===== Data

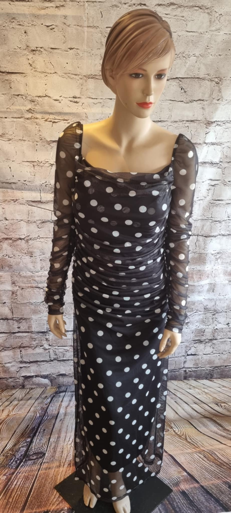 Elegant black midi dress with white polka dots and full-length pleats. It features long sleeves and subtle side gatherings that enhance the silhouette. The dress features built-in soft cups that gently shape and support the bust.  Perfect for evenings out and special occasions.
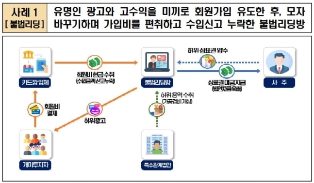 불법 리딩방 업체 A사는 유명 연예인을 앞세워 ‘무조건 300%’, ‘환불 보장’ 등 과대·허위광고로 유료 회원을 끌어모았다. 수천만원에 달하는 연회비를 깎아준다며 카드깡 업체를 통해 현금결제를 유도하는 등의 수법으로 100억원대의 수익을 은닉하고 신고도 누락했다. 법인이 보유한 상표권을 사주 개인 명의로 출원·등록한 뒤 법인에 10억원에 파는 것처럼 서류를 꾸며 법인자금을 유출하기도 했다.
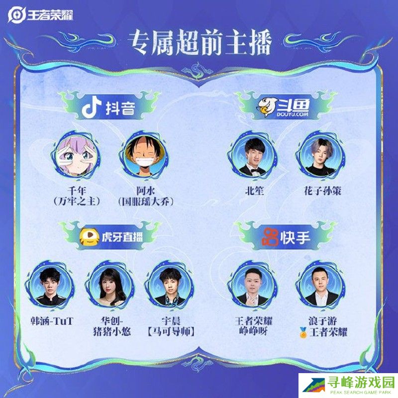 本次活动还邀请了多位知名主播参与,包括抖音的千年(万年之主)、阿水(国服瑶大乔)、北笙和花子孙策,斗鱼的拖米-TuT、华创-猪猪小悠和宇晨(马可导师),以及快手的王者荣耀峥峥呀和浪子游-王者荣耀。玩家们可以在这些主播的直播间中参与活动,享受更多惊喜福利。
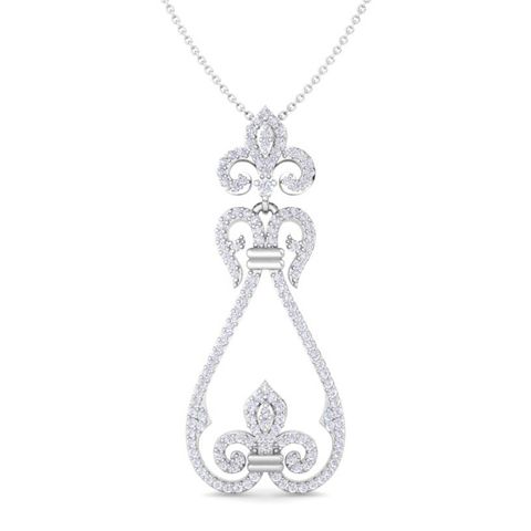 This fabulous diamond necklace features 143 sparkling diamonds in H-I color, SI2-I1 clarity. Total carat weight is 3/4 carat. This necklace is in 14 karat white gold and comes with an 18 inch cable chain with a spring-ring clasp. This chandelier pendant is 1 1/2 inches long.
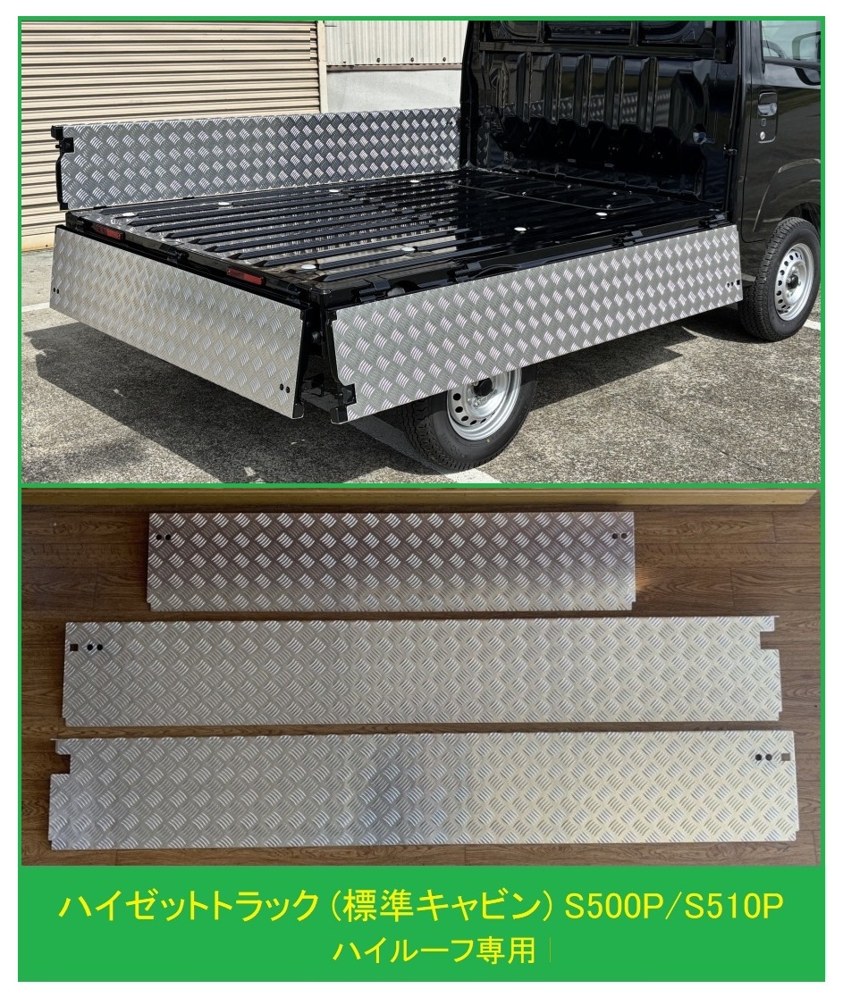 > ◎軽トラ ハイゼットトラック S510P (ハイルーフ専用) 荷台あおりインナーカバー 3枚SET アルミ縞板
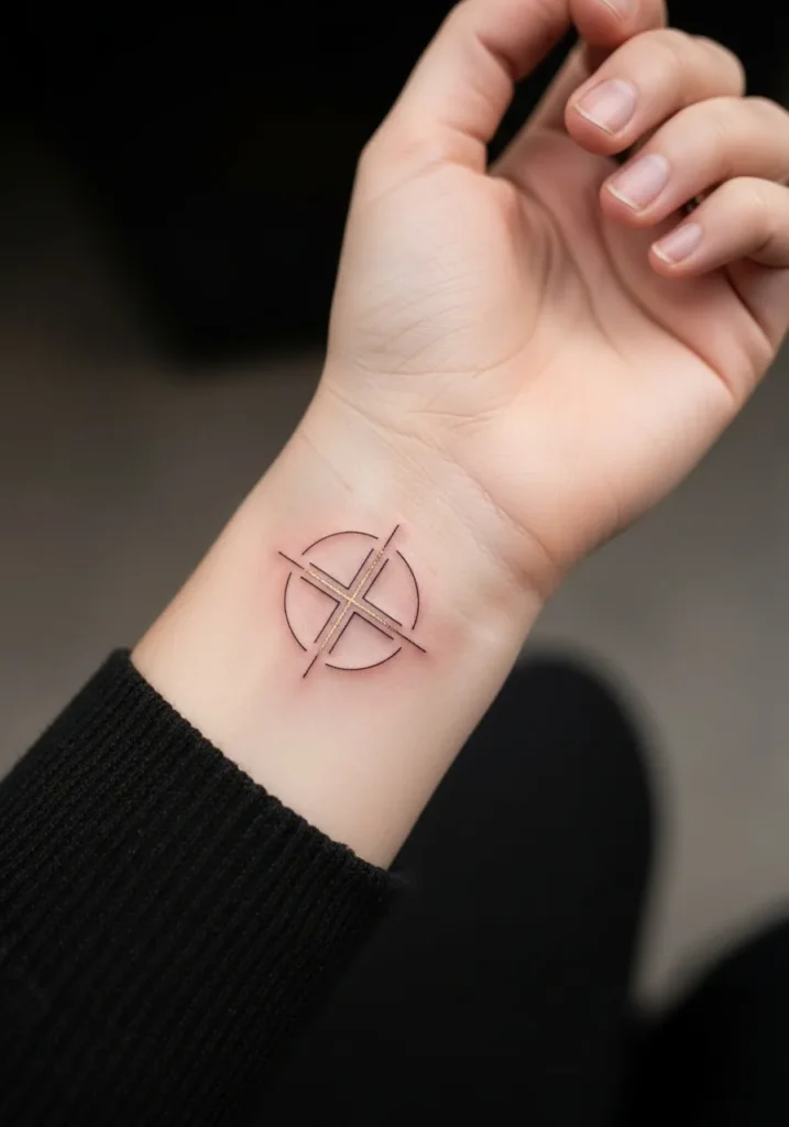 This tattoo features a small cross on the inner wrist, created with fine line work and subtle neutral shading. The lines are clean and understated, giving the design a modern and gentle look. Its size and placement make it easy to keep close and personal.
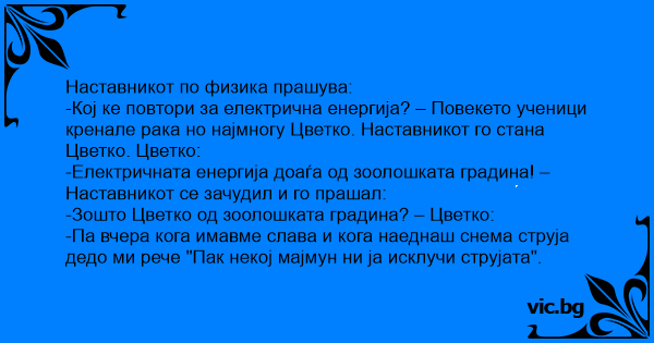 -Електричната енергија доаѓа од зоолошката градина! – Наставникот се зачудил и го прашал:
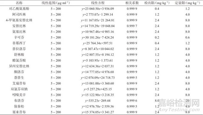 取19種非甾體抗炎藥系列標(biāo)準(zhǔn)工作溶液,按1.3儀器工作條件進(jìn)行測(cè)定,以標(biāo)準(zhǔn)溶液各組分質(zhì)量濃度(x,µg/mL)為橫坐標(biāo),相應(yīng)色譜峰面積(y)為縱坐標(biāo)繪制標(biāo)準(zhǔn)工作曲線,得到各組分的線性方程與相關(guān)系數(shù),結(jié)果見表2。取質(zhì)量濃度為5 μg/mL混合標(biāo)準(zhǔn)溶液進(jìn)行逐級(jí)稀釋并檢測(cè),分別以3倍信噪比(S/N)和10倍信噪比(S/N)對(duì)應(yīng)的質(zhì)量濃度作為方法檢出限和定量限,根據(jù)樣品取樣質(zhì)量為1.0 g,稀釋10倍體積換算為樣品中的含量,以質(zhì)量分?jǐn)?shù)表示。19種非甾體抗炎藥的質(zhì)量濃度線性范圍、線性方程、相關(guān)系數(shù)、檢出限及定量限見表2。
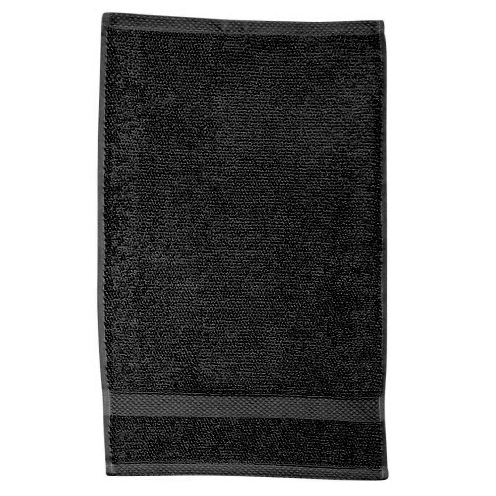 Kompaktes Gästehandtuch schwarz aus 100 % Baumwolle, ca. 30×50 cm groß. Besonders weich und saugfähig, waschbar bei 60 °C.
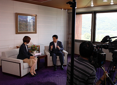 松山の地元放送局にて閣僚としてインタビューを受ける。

==========

__Activity__
The expected output is the lines above from the one containing "This fabulous diamond" to the one containing "-Електричната енергија доаѓа", both ends included, reproduced exactly with every picture left out.

__Written solution__
 This fabulous diamond necklace features 143 sparkling diamonds in H-I color, SI2-I1 clarity. Total carat weight is 3/4 carat. This necklace is in 14 karat white gold and comes with an 18 inch cable chain with a spring-ring clasp. This chandelier pendant is 1 1/2 inches long.
 > ◎軽トラ ハイゼットトラック S510P (ハイルーフ専用) 荷台あおりインナーカバー 3枚SET アルミ縞板
 This tattoo features a small cross on the inner wrist, created with fine line work and subtle neutral shading. The lines are clean and understated, giving the design a modern and gentle look. Its size and placement make it easy to keep close and personal.
 -Електричната енергија доаѓа од зоолошката градина! – Наставникот се зачудил и го прашал:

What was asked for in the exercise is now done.